“Ovatt’s got the sense his folks give him,” Zane replied to the others.
“You’re the pilot—you tell me,” Root spat. “Pilot’s the one what’s supposed to know this river like every wrinkle in your own honey-dauber. Leastways, that’s what you claimed to me when you hired me back up to Pennsylvania.”
Zane leaned close to Bass as if intending to whisper a confidence, but his voice remained clear and loud as he said, “This sack of whorehouse catshit named Reuben Root really ain’t so bad a heart as it may seem, son. Just that, well—he’s a Pennsylvania boy. And not a Kentucky man.”
“Ovatt ain’t a Kentucky man neither!” Root protested. “An’ ’sides—I ain’t a sack of whorehouse catshit. That’s ’bout the worse thing you could call a man what hates cats much as I does.”
“Hell, Ebenezer knows that!” Kingsbury said. “Why you think he gone and called you that?”
The pilot nodded, smiling hugely. “Hames there”—and he pointed at the oarsman across the fire—“he a Ohio man.
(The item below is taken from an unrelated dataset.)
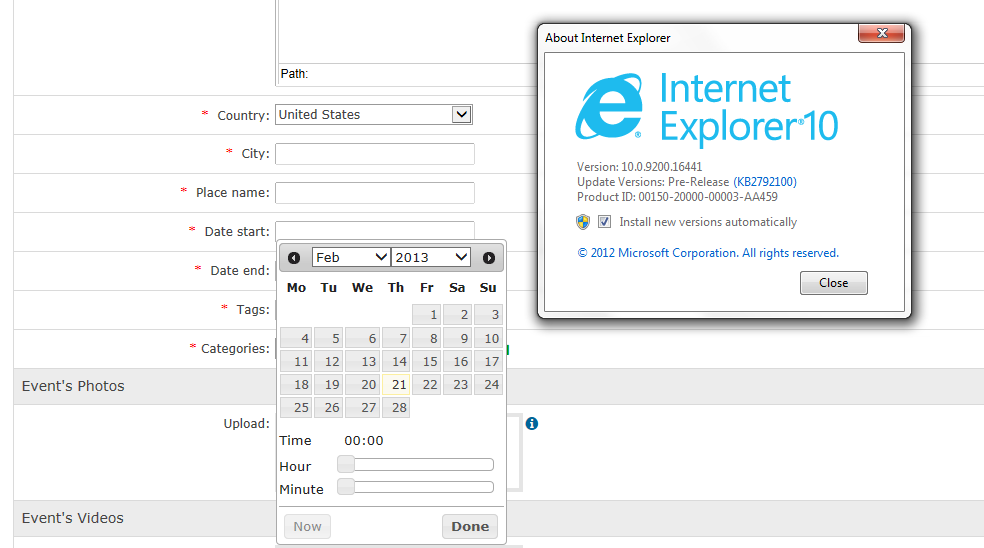 hmm the best i can do in IE 10 is type it in manually. Running server server 2012 so that may be the problem. I think javascript is disabled by default. But, thanks for checking and confirming. https://dolphin-techs.com - Skype: Dolphin Techs |
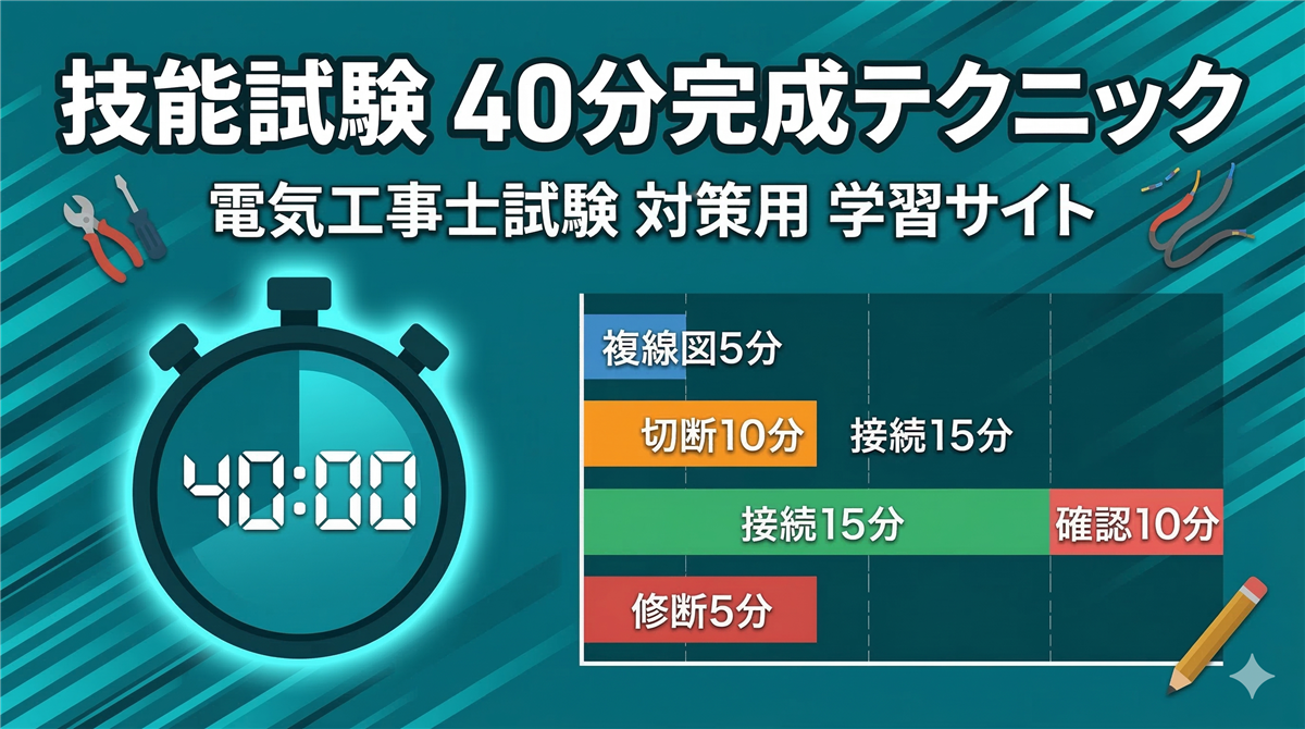 対策:時間配分が重要です。複線図に5分、作業に30分、確認に5分が目安。最後の5分でセルフチェックする余裕を持ちましょう。

Same as Heman there. But I’ll ’llow they’re good Ohio men … seeing as they came from about as close to Kentucky as you can come.”
“We’re from Cincinnati,” Ovatt explained. “This here’s my third trip downriver.”
As were many who took up the nomadic, rootless life of a riverman, the flatboat’s patroon was himself a discharged soldier, a veteran of the Continental Army. Kingsbury, Root, and Ovatt had been the sort of vagabonds who naturally clustered in the river ports like Pittsburgh, Cincinnati, and St. Louis when Ebenezer Zane had come upon them—otherwise homeless men who had become a class by themselves in the late eighteenth century.
Zane turned to Bass. “I figure since’t we saw you on the south side of the river—that’s gotta make you a Kentucky boy.”
“Yep, I am,” Bass answered.
How his ears already hung on every word these four spoke. While they might all be from the same general part of the frontier Titus had once called home, these boatmen nonetheless spoke with an accent that was all their own. From time to time their unique speech was spiced with the jargon peculiar to their trade, with a few Spanish, French, Creole, and Indian words thrown in for good measure.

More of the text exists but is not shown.